[Stored data entries]
################

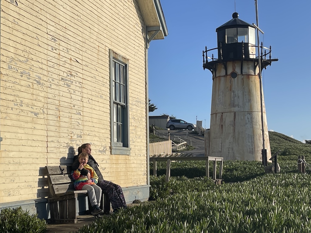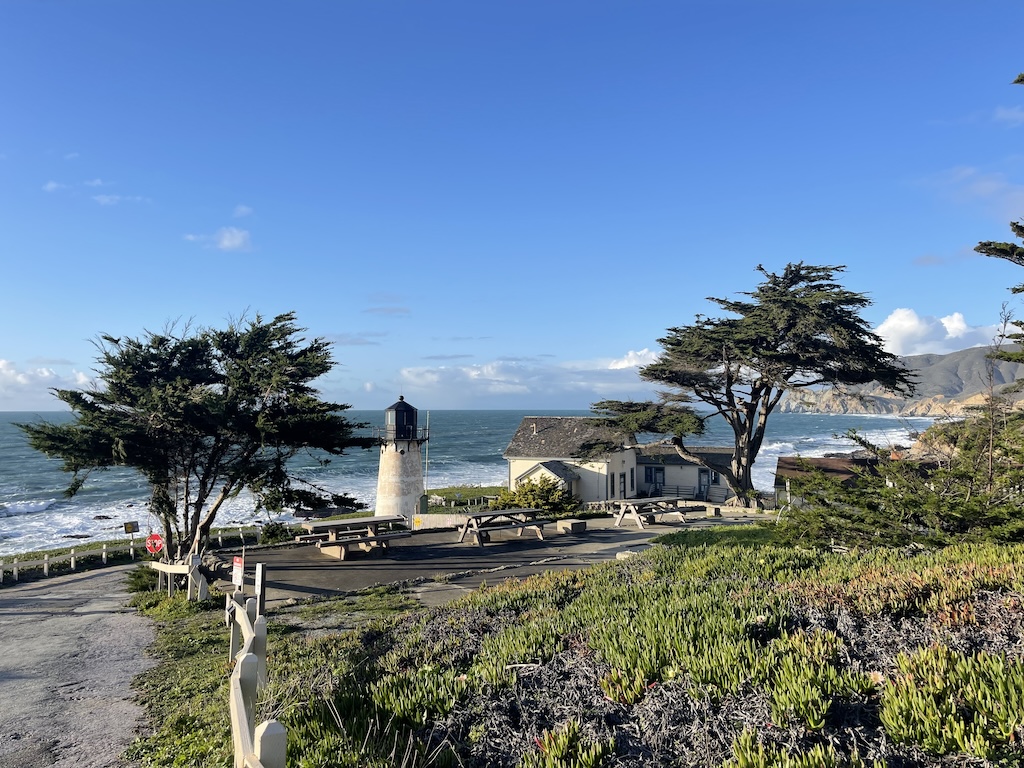 Vanavond slapen we in op een terrein met een vuurtoren op een klif. Het is al oud, maar schijnbaar echt de moeite waard. We kunnen toch pas morgen terecht bij onze housesit in Oakland. We rijden nu helemaal langs de kust richting ons hostel. Onderweg passeren we een andere vuurtoren.
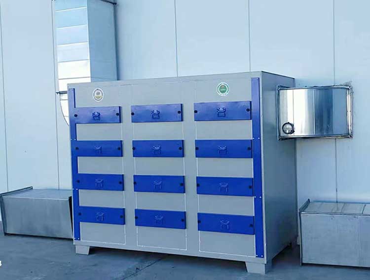 二層為活性炭吸附,活性炭具有合理的孔隙結構,良好的吸附性能,機械強度高,易反復再生,造價低等特點;用于有毒氣體的凈化,廢氣處理,工業和生活用水的凈化處理,溶劑回收等方面?;钚蕴吭谶\輸過程中,防止與堅硬物質混狀,不可踩、踏,以防炭粒破碎,影響質量。亦要防止水浸,因水浸后,大量水充滿活性空隙,使其失去作用。另外避免焦油類物質帶入活性炭床,以免堵塞活性炭空隙,使其失去吸附作用。
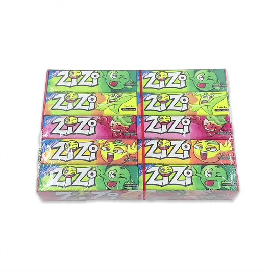 Sugar, gum base, glucose syrup, flavoring, lecithin, maltodextrin, glycerin, citric acid, malic acid, food colouring (sunset yellowm lemon yellow, allura red)
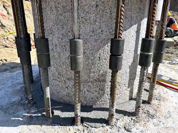 With the team of 2 operators, it takes approximate 45 minutes to complete splicing this round expressway pylon. There is no waiting time required after the splicing, next step works are carrying on immediately.
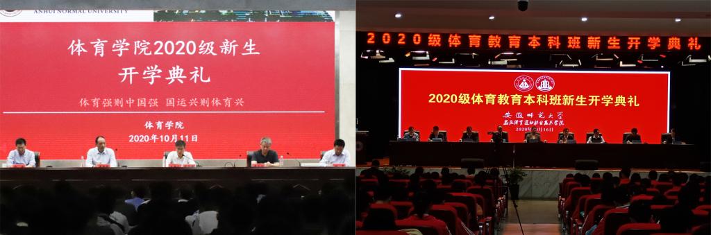 本网讯(英国正版365官方网站 新闻中心)近日,英国正版365官方网站先后在安徽师大花津校区和安徽体育运动职业技术学院,为共735名2020级新同学举办开学典礼,欢迎新同学,领航新征程。学院领导班子、教师代表、老生代表和全体2020级新同学参加典礼。
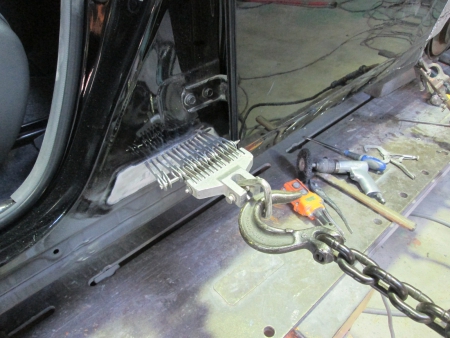センターピラーのヘコミのある所に専用のワッシャーを溶接して引き出します
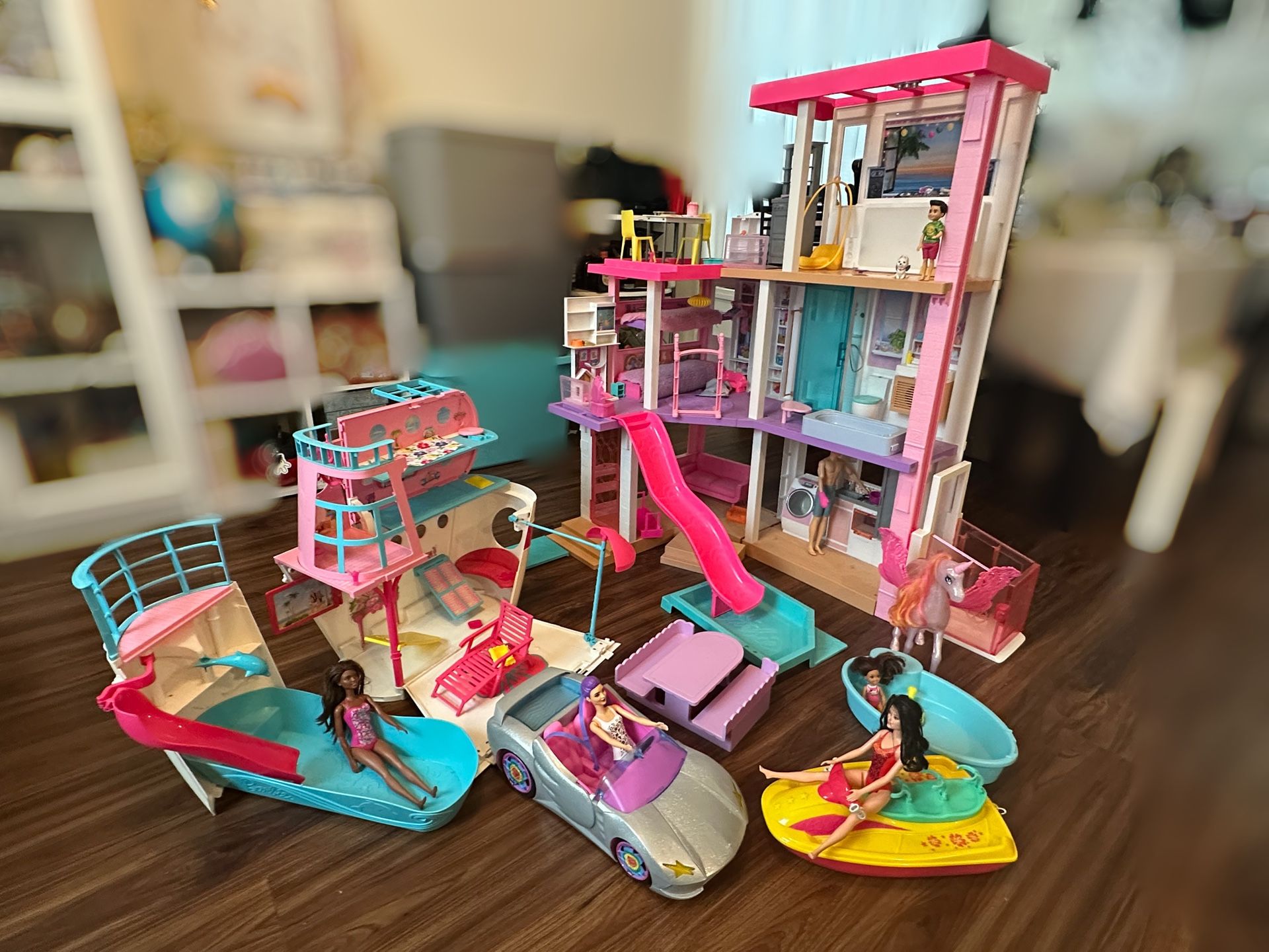 Barbie House with Double Decker Yacht, Convertible, & Pegasus! Over $200 total value. ⭐️Barbie House - Like New ⭐️Double Decker Yacht - Used Condition ⭐️Convertible - Like New ⭐️Pegasus - Good Condition Comes with all Barbie items pictured
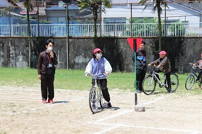 3年生以上は、自転車の乗り方と横断歩道の渡り方を中心に学習しました。指導は延陵自動車学校の指導員の皆様です。
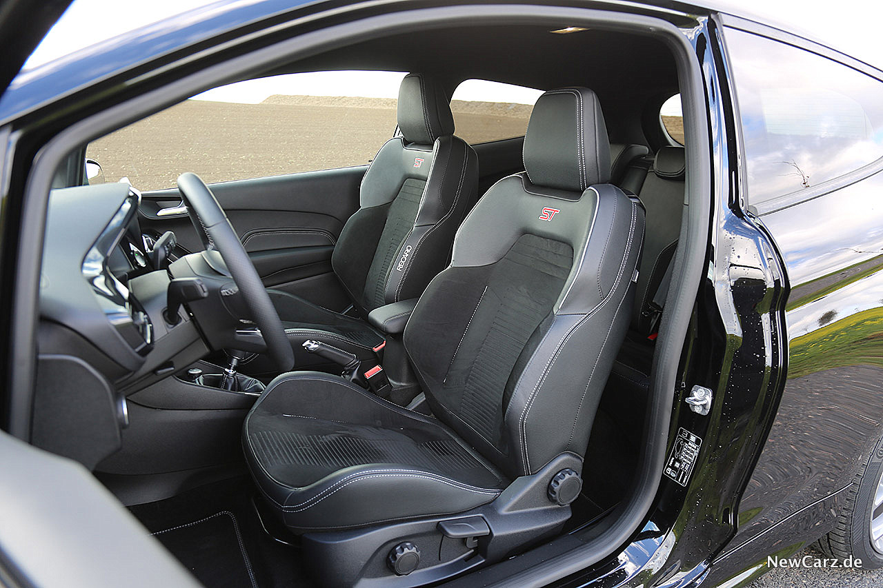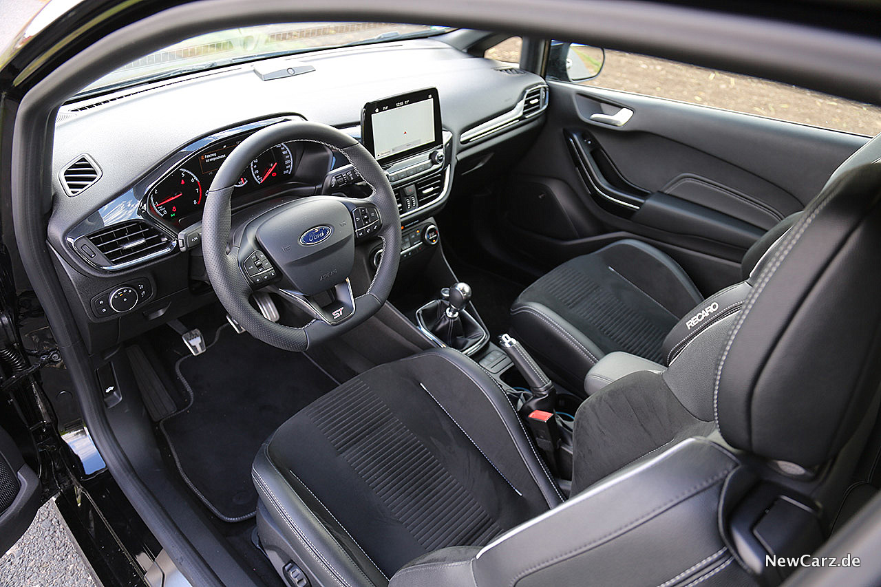 Im Innenraum herrscht eine Ford-typische Designlinie mit vielen bekannten Elementen, wie beispielsweise aus dem Ford EcoSport. Auf die Insassen warten straff gepolsterte und gut konturierte Recaro Sportsitze mit ausgeprägtem Seitenhalt. Fast plüschig wirkendes Alcantara auf den Sitzflächen und den Rückenlehnen sieht nicht nur gut aus, sondern fühlt sich auch sehr geschmeidig an – hier fühlt man sich auf Anhieb wohl.
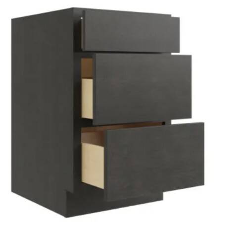 Luxor Smoky Grey 3-Drawer Base Cabinet, 18" W x 34-1/2" H
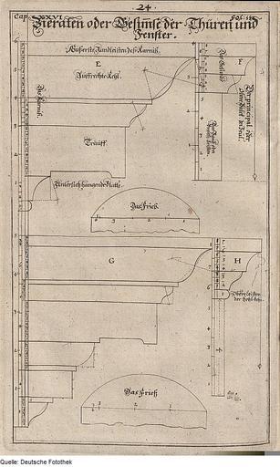 | Keywords: Fotothek df tg 0001640 Architektur ^ Bauwesen ^ Tür ^ Fenster ^ Gesims.jpg Scan Deutsche Fotothek df_tg_0001640 color 2007 MIK-Center Berlin GmbH 88961640 Kap 26 Fig 24 Bl 55 Nürnberg Zierrat oder Gesimse der Türen und Fenster Papier Kupferstich 31 x 19 cm Architektur Bauwesen Tür Fenster Gesims ppn26553190X 1698 Druck Deutsche Fotothek gefördert von der Deutschen Forschungsgemeinschaft Projekt Technikgeschichte 16 /17 Jh Verwalter Dresden Sächsische Landesbibliothek - Staats- und Universitätsbibliothek Dresden Archit 188 Herstellung Herstellung Endter Verleger aus Palladio Andreas Böckler Georg Andreas Hrsg Buch Die Baumeisterin Pallas Oder Der in Teutschland entstandene Palladius das ist Des vortrefflich-Italiänischen Baumeisters Andreae Palladii Zwey Bücher Von der Baukunst Deren Erstes I Von denen Materialien die zu dem Bauen insgemein gehören Das Zweyte tractiret I Von denen Zierrathen der gemeinen Gebäue Das XXVI Capitel Von den Zierrathen der Thüren und Fenster SLUB Archit 188 Fotothek-License PD-old-100 Scans Old Manuscripts from the Deutsche Fotothek |
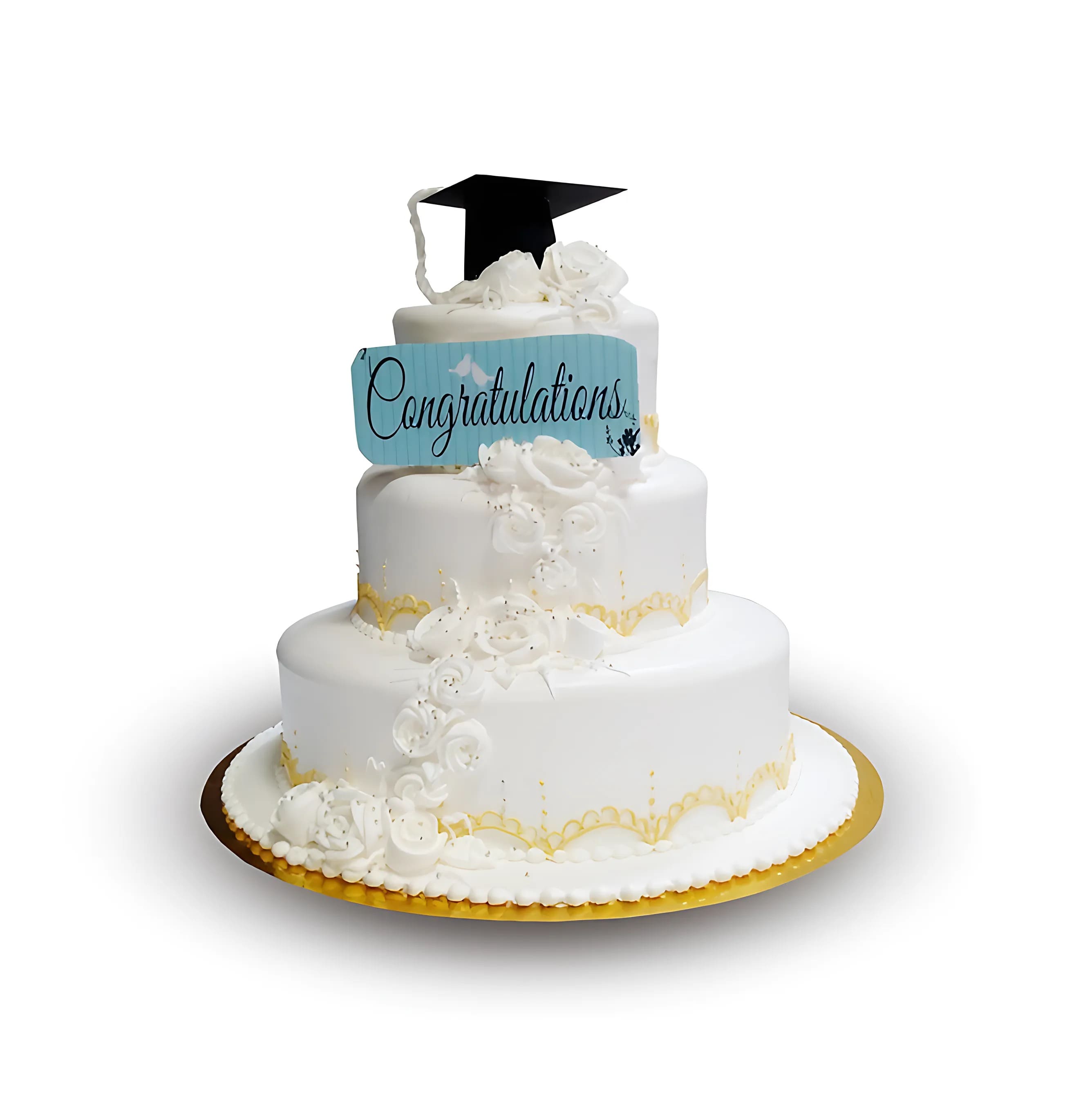 كيكة فاخرة بثلاث طبقات مغطاة بالكريمة البيضاء، مزينة بسلسلة من الورود الناعمة وتفاصيل ذهبية أنيقة. تعلوها قبعة تخرج ولوحة "مبروك التخرج" بلون أزرق سماوي جذاب تكفي لعدد ٣٥ شخص
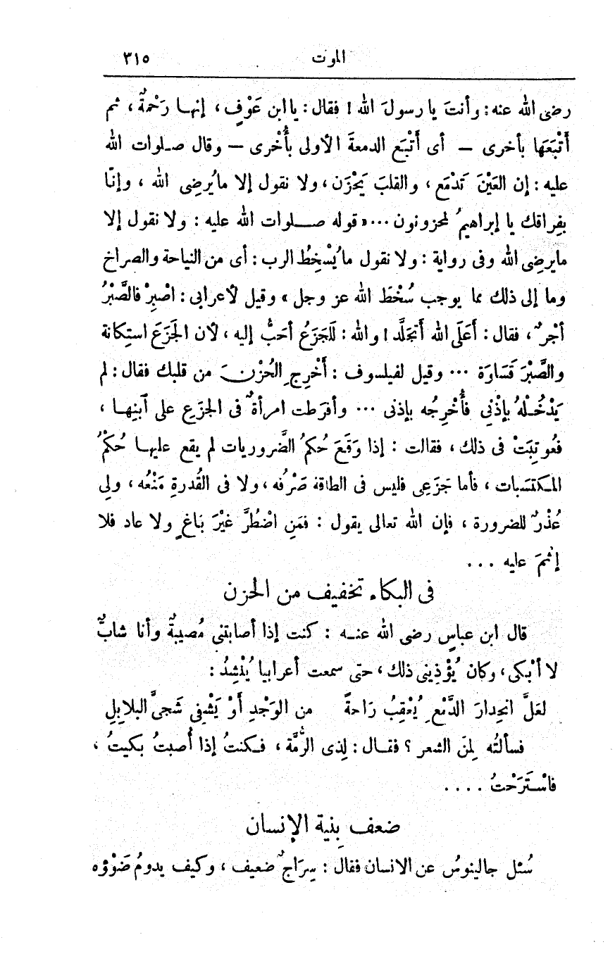 عوفٍ، إنّها رحمةٌ، ثمَّ أتبعها بأخرى - أي أتبعَ الدمعةَ الأولى بأخرى - وقال صلواتُ اللهِ عليه: إنّ العينَ تدمعُ، والقلبَ يحزنُ، ولا نقول إلا ما يُرضي الله، وإنّا بفِراقِك يا إبراهيمُ لمَحْزونون). . قوله صلوات الله عليه: ولا نقول إلا ما يُرضي اللهَ وفي رواية: ولا نقول ما يُسخِطُ الرّب: أي من النّياحة والصُّراخ وما إلى ذلك ممّا يُوجب سُخْطَ الله عز وجل وقيل لأعرابيٍّ: اصبر فالصَّبرُ أجرٌ، فقال: أعلى اللهِ أتَجَلَّد! واللهِ: لَلْجَزَعُ أحبُّ إليه، لأنَّ الجزعَ استكانةٌ والصبرَ قَساوة. . . وقيل لفيلسوف: أخرجِ الحُزنَ من قلبك فقال: لم يَدْخُلْه بإذْني فأخْرِجُه بإذني. . . وأفرطت امرأةٌ في الجزعِ على ابنها، فعُوتبت في ذلك، فقالت: إذا وقعَ حكمُ الضَّروريّات لم يَقَعْ عليها حكمُ المُكْتَسبات، فأمّا جَزعي فليسَ في الطَّاقةِ صرفُه، ولا في القُدْرَةِ مَنْعُه، ولي عُذْرٌ للضّرورة، فإنّ اللهَ تعالى يقول: {فَمَنِ اضْطُرَّ غَيْرَ بَاغٍ وَلاَ عَادٍ فَلا إِثْمَ عَلَيْهِ}. . .
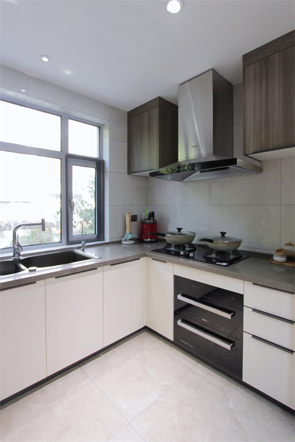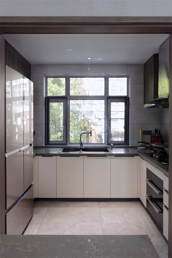 西廚吧臺(tái)后便是中廚,半開放的結(jié)構(gòu),讓日常下廚操作時(shí)更加便捷。雙開門冰箱完美嵌入柜體之中,廚房少了對(duì)外的隔斷,僅用吧臺(tái)隔開空間,既獨(dú)立,又具有空間包容性。
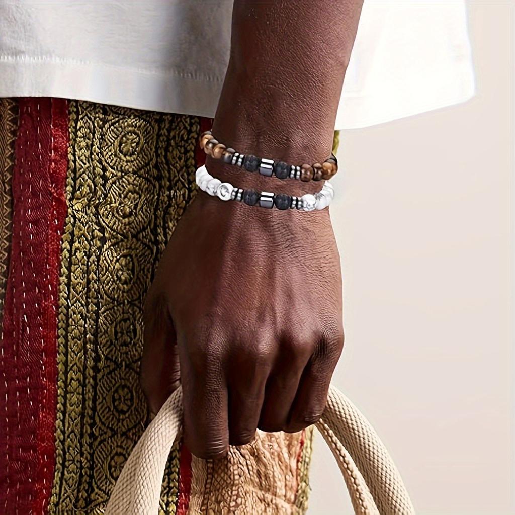 Набор из 4 браслетов из натурального камня с бусинами для пар, для мужчин и женщин, для расстояния, черный, белый, из натурального камня лавы, с бусинами из тигрового глаза, браслет-оберег
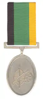 The Service Medal in Silver was instituted by the President of the Republic of South Africa in April 1996. It was awarded to veteran cadres of Umkhonto we Sizwe, the military wing of the African National Congress, for twenty years service.[1]
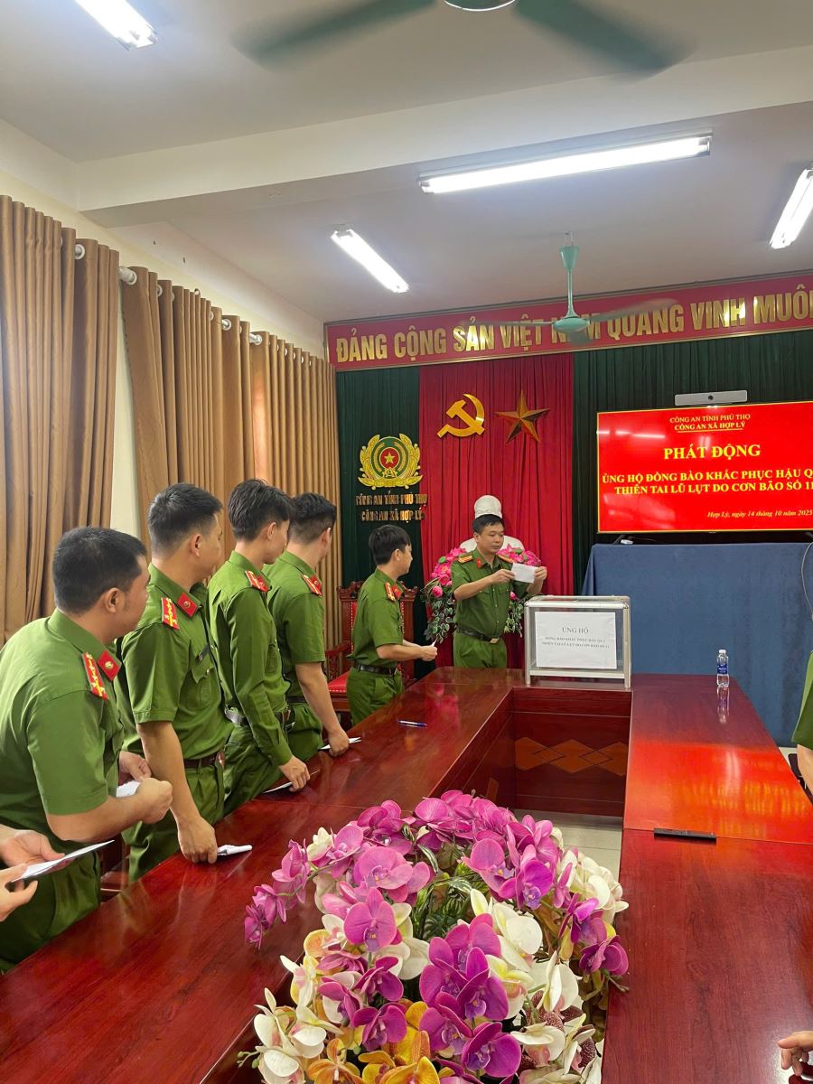 Trong những ngày qua, đồng bào ta tại các địa phương khu vực Bắc Bộ đã phải gánh chịu những thiệt hại nặng nề do Cơn bão số 11 “MatMo” gây ra. Mưa lũ đã gây ra thiệt hại rất nghiêm trọng về người, tài sản của người dân và cơ sở hạ tầng bị hư hỏng nặng nề. Với tinh thần đoàn kết “Tương thân tương ái”, “Lá lành đùm lá rách”, ngày 14/10/2025, Công an xã Hợp Lý đã tổ chức chương trình ủng hộ đồng bào khắc phục hậu quả thiên tai, lũ lụt do cơn bão số 11.

################

## Description of the task
Print nothing except the lines above from the one containing "二層為活性炭吸附,活性炭具有" down to the one containing "With the team", both included, exactly as written and free of pictures.

## Answer to this exercise
 二層為活性炭吸附,活性炭具有合理的孔隙結構,良好的吸附性能,機械強度高,易反復再生,造價低等特點;用于有毒氣體的凈化,廢氣處理,工業和生活用水的凈化處理,溶劑回收等方面?;钚蕴吭谶\輸過程中,防止與堅硬物質混狀,不可踩、踏,以防炭粒破碎,影響質量。亦要防止水浸,因水浸后,大量水充滿活性空隙,使其失去作用。另外避免焦油類物質帶入活性炭床,以免堵塞活性炭空隙,使其失去吸附作用。
 Sugar, gum base, glucose syrup, flavoring, lecithin, maltodextrin, glycerin, citric acid, malic acid, food colouring (sunset yellowm lemon yellow, allura red)
 With the team of 2 operators, it takes approximate 45 minutes to complete splicing this round expressway pylon. There is no waiting time required after the splicing, next step works are carrying on immediately.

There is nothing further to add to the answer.